[Source records]
──────
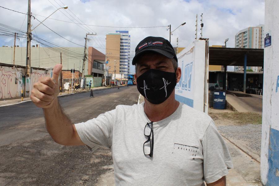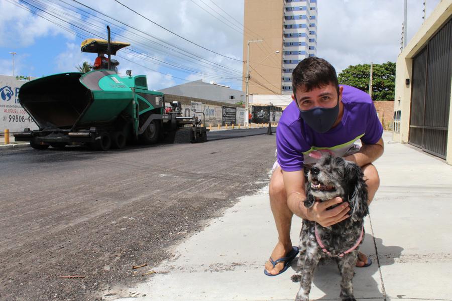 "Passo por aqui todos os dias para passear com meu cachorro e sempre vivenciava acidentes que os buracos causavam. Quando chovia criavam muitas poças de água, que atrapalhavam bastante, mas com essa iniciativa da Prefeitura, eu fico mais aliviado e feliz por saber que poderei andar e passar de carro tranquilamente por aqui’’.
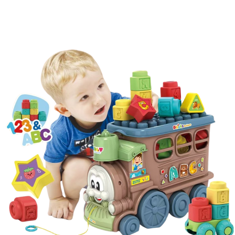 القطار التعليميمع قطع من التركيبات المصنوعة من الرابل الامن على الأطفاللعبة تعليمية و ترفيهية للاطفالالوان رائعة و مميزة
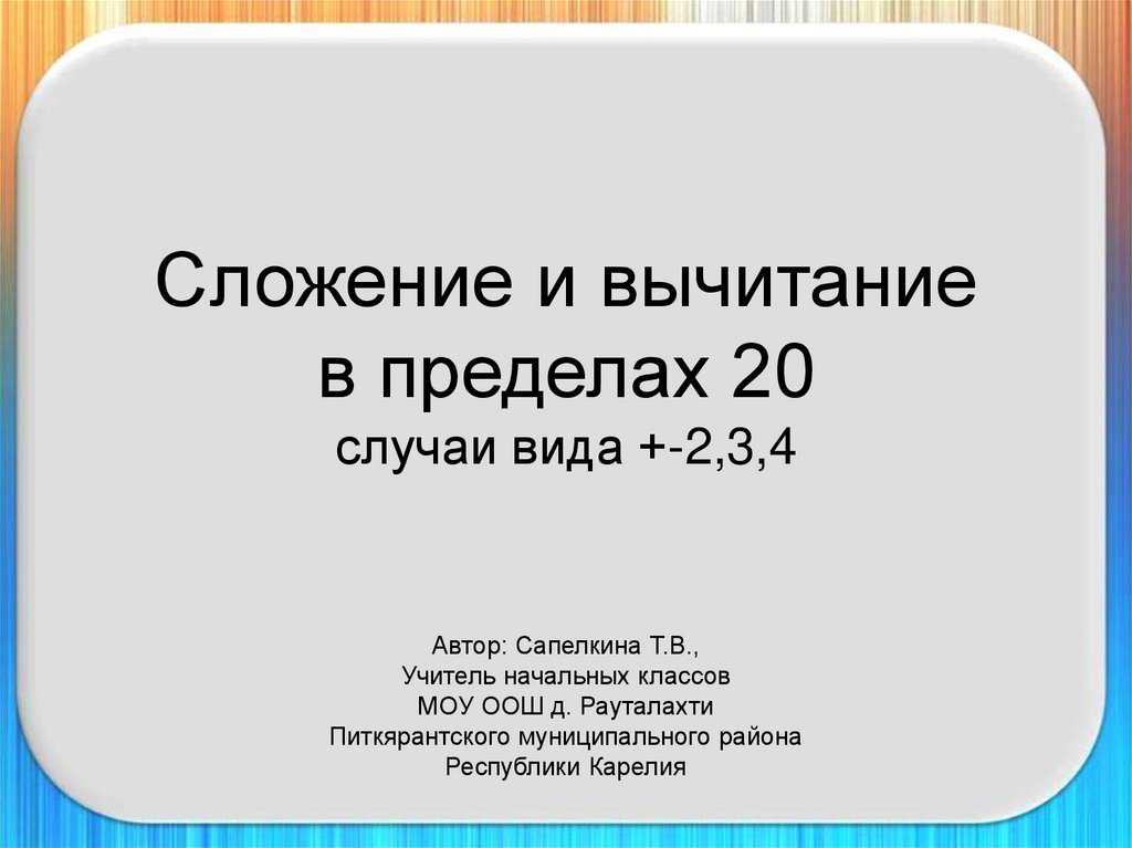 Сложение и вычитание в пределах 20 случаи вида +-2,3,4
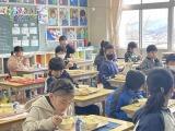 南原小では、今年の6月から、感染症予防に配慮しながら、机と机の間に距離をとって、お互いに向き合って食べる給食を実施しています。
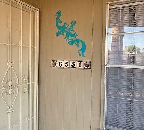 Looking for a near-perfect 4 BR home tucked away on a quiet residential street? Get ready to be dazzled by decorator tile through home. Exterior brick, trim & interior sparkle with fresh paint. Roof has been re-coated, AC/Furnace & water heater have been recently replaced. Both patio doors in dining area, master bedroom & large picture window in living room are now energy-efficient dual pane. Hall bath features executive height vanity w/ granite top & sink, new light fixture & low-flow toilet. Master bath has new vanity, light fixture & inset medicine cabinet for storage. Skip TV, go outside & relax on spacious patio that extends length of home. Breathe in the aroma of flowering plants that include a rose bush, desert bird of paradise, colorful ground cover & a variety of cacti.
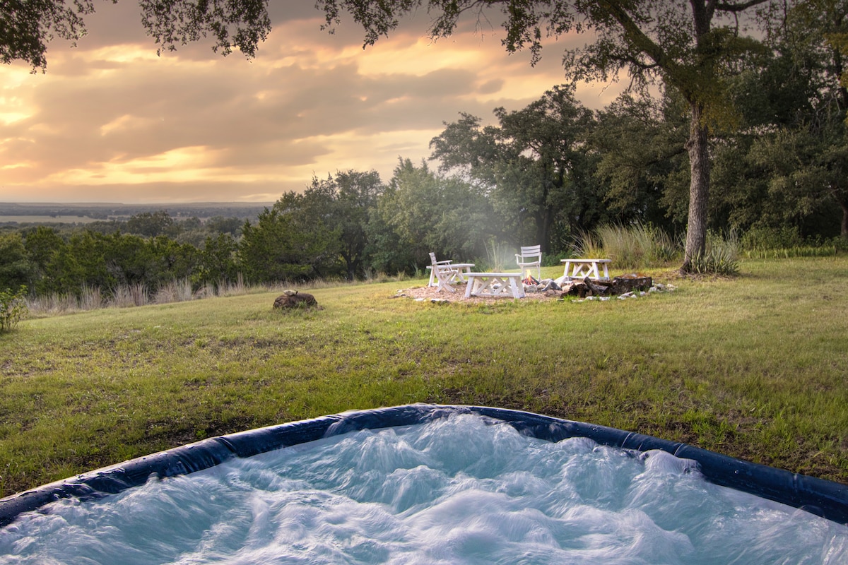 Stökktu frá ljósum borgarinnar og njóttu magnaðs útsýnis, allt frá fallegri sólarupprás með kaffi til stórkostlegs sólseturs með uppáhaldsdrykknum þínum og stjörnuhimni! Njóttu einkalaugarinnar og heita pottsins! Allt það friðsæla og rólega sem landið hefur upp á að bjóða en er samt nálægt hinum fjölmörgu þægindum í Waco! Aðeins 20 mínútna akstur til Baylor/The Silos/Magnolia/Downtown Waco. Nálægt Backyard Bar, BSR Cable Park, MCC og Extraco Event Center. Stæði fyrir hesta og nautgripi/hjólhýsi.
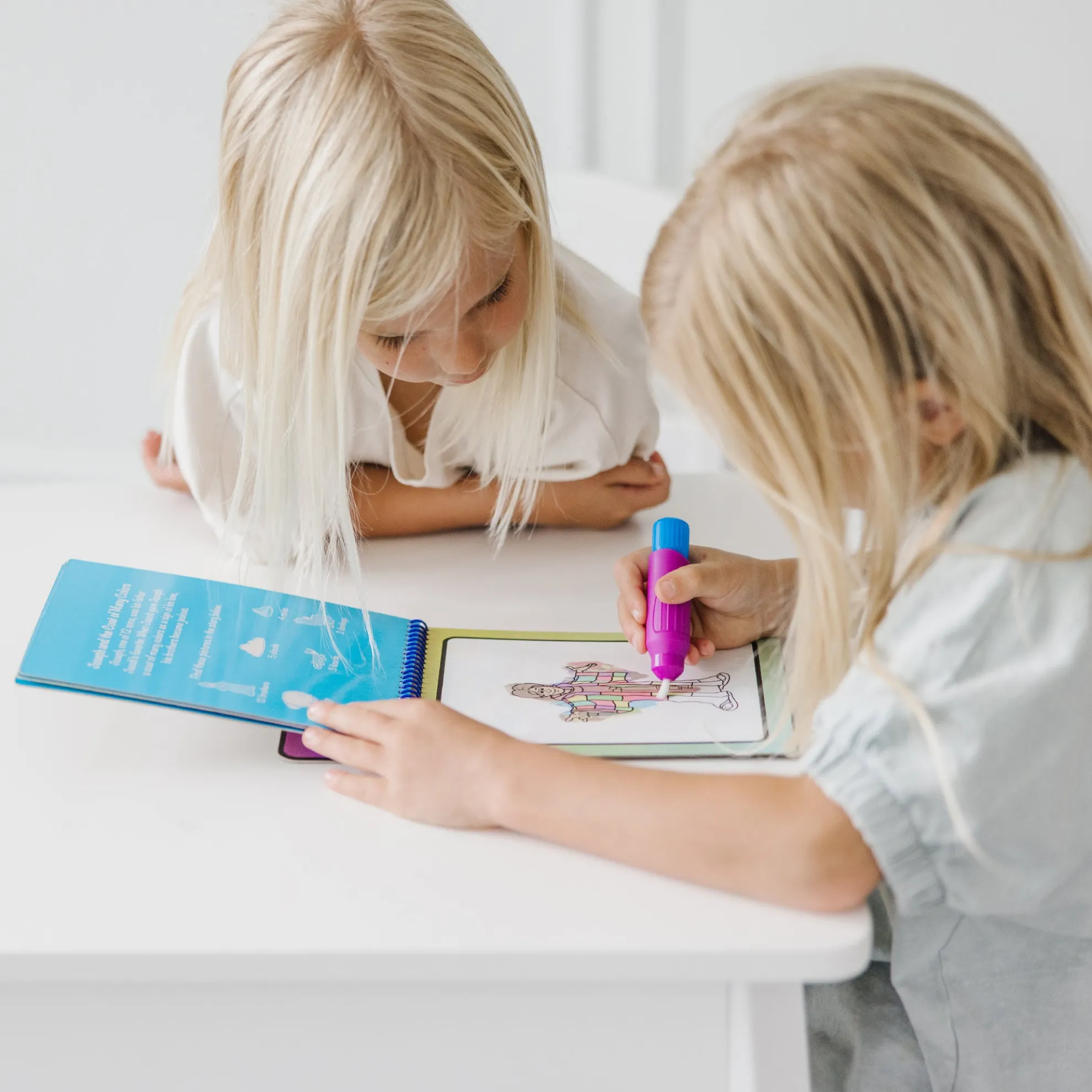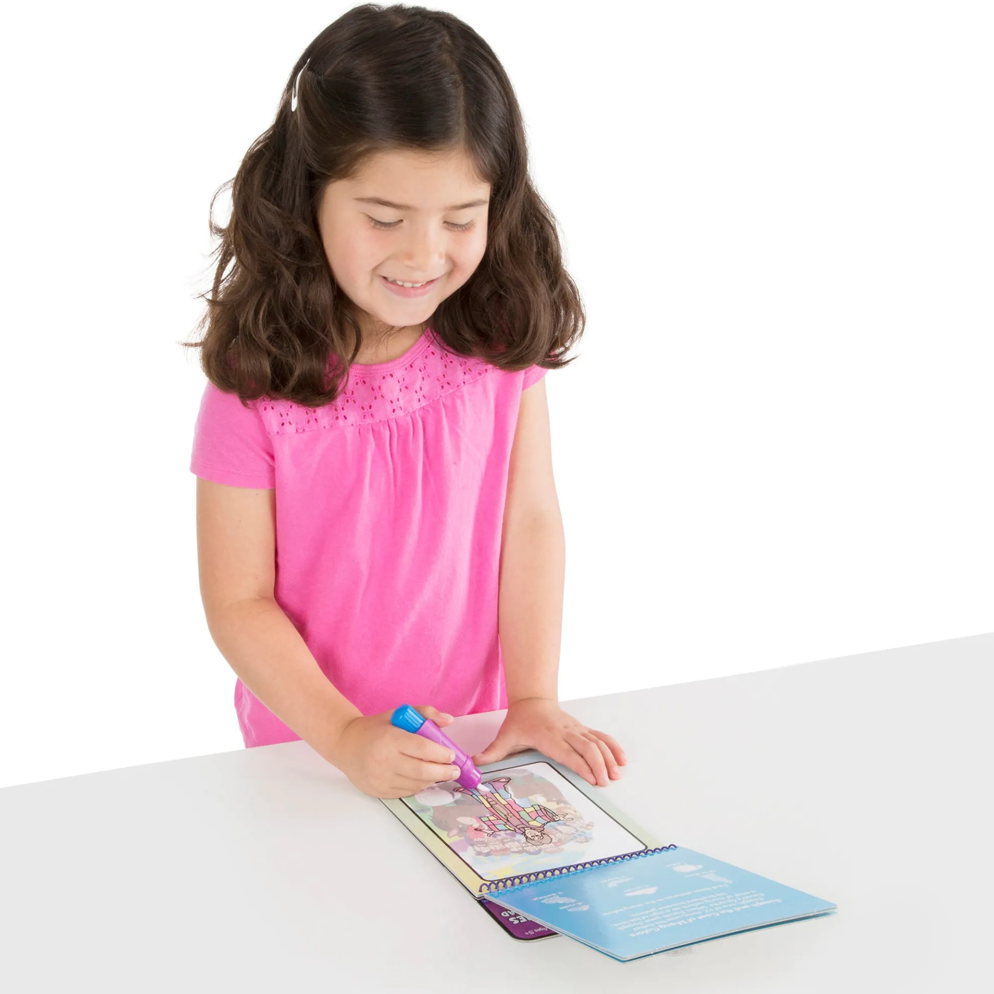 - Reusable pages are white with simple line drawings when dry; reveal colors when wet
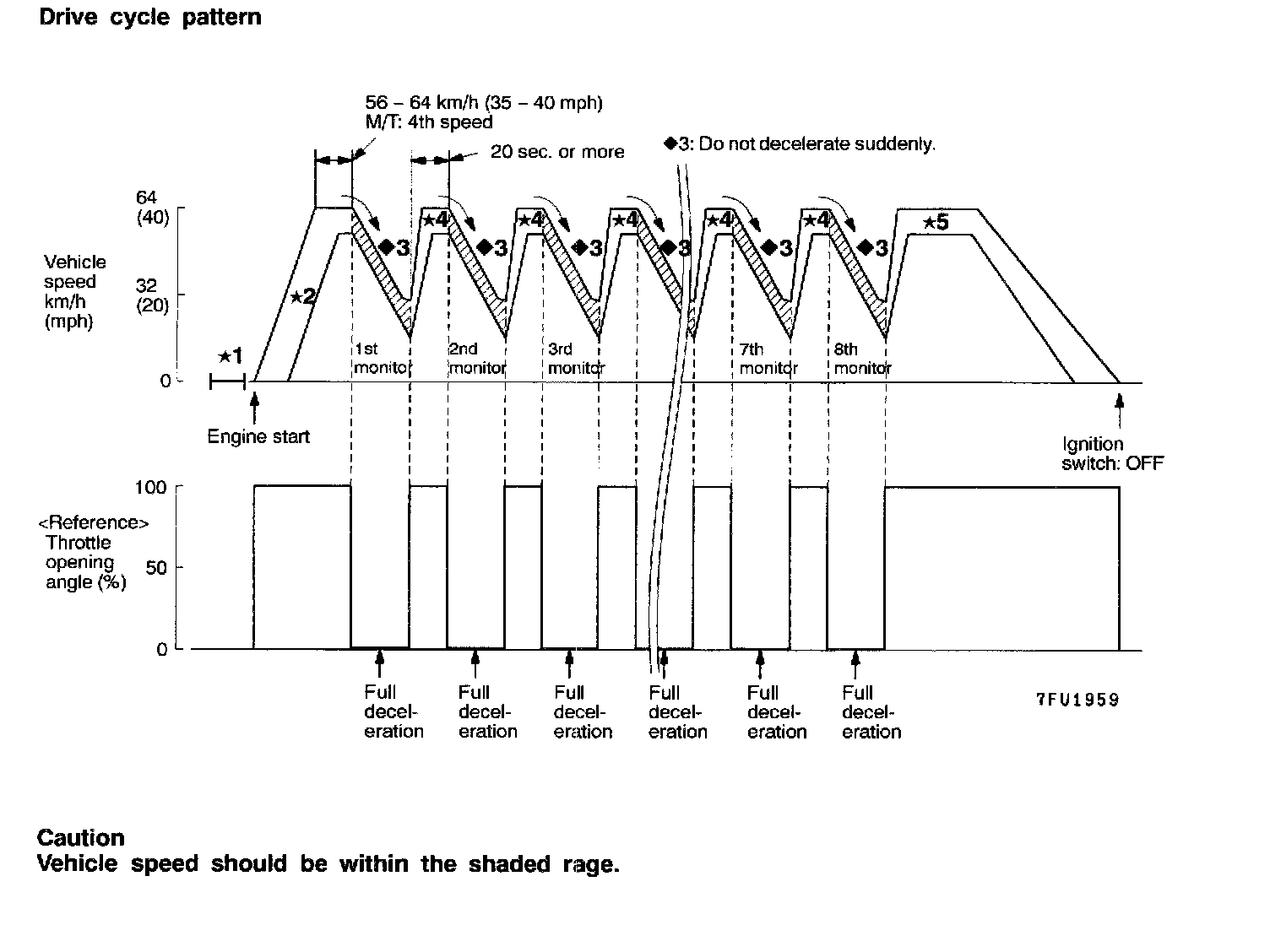 *4: Accelerate to 56 - 64 km/h (35 - 40 mph), and continue driving for 20 seconds. (After 1st monitor (deceleration), wait for 20 seconds or more until the next monitor (deceleration) starts). Then repeat <>3 and *4 steps eight times
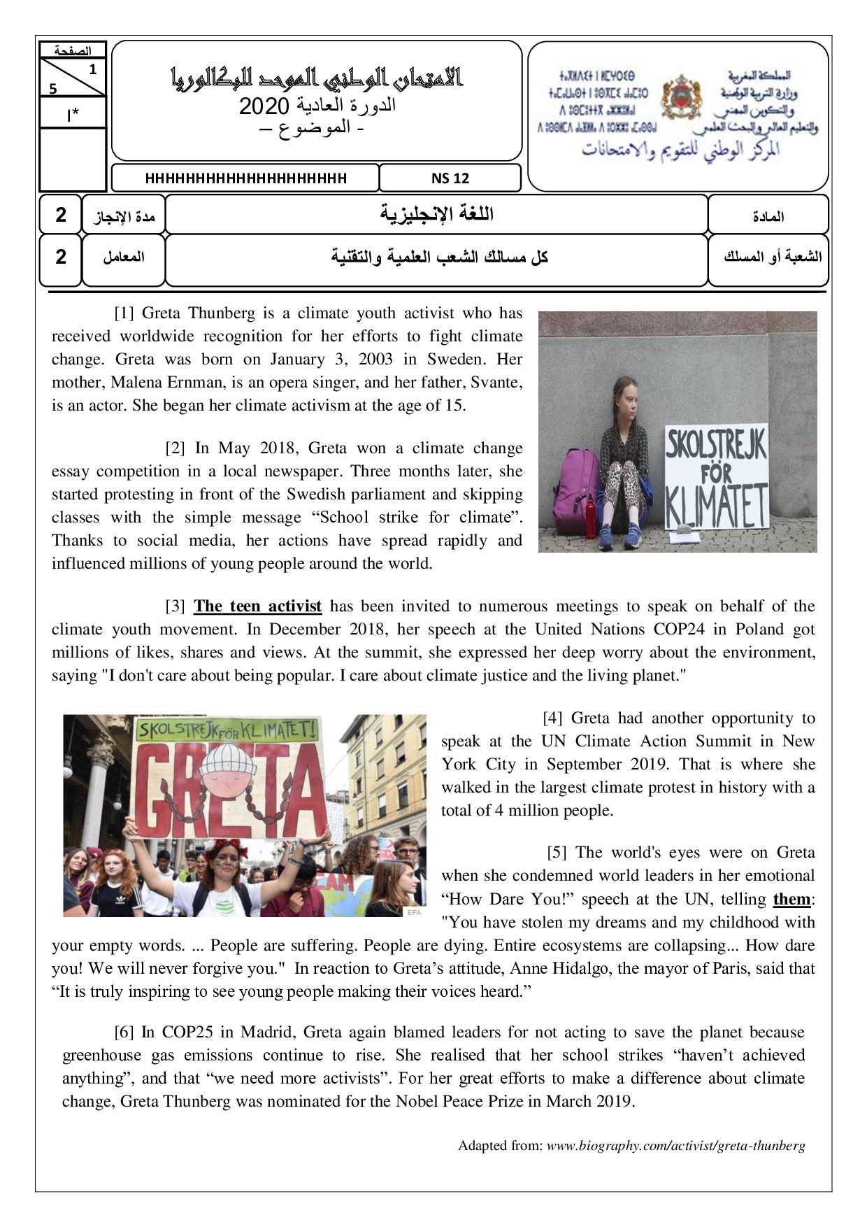 Anglais: 2ème BAC Sciences de la Vie et de la Terre
──────
__REQUIREMENT__: Go back to the lines above and output, exactly as they stand, the ones from the line containing "القطار التعليميمع قطع" to the line containing "南原小では、今年の6月から、". Leave all pictures behind.

__EXERCISE OUTPUT__:
 القطار التعليميمع قطع من التركيبات المصنوعة من الرابل الامن على الأطفاللعبة تعليمية و ترفيهية للاطفالالوان رائعة و مميزة
 Сложение и вычитание в пределах 20 случаи вида +-2,3,4
 南原小では、今年の6月から、感染症予防に配慮しながら、机と机の間に距離をとって、お互いに向き合って食べる給食を実施しています。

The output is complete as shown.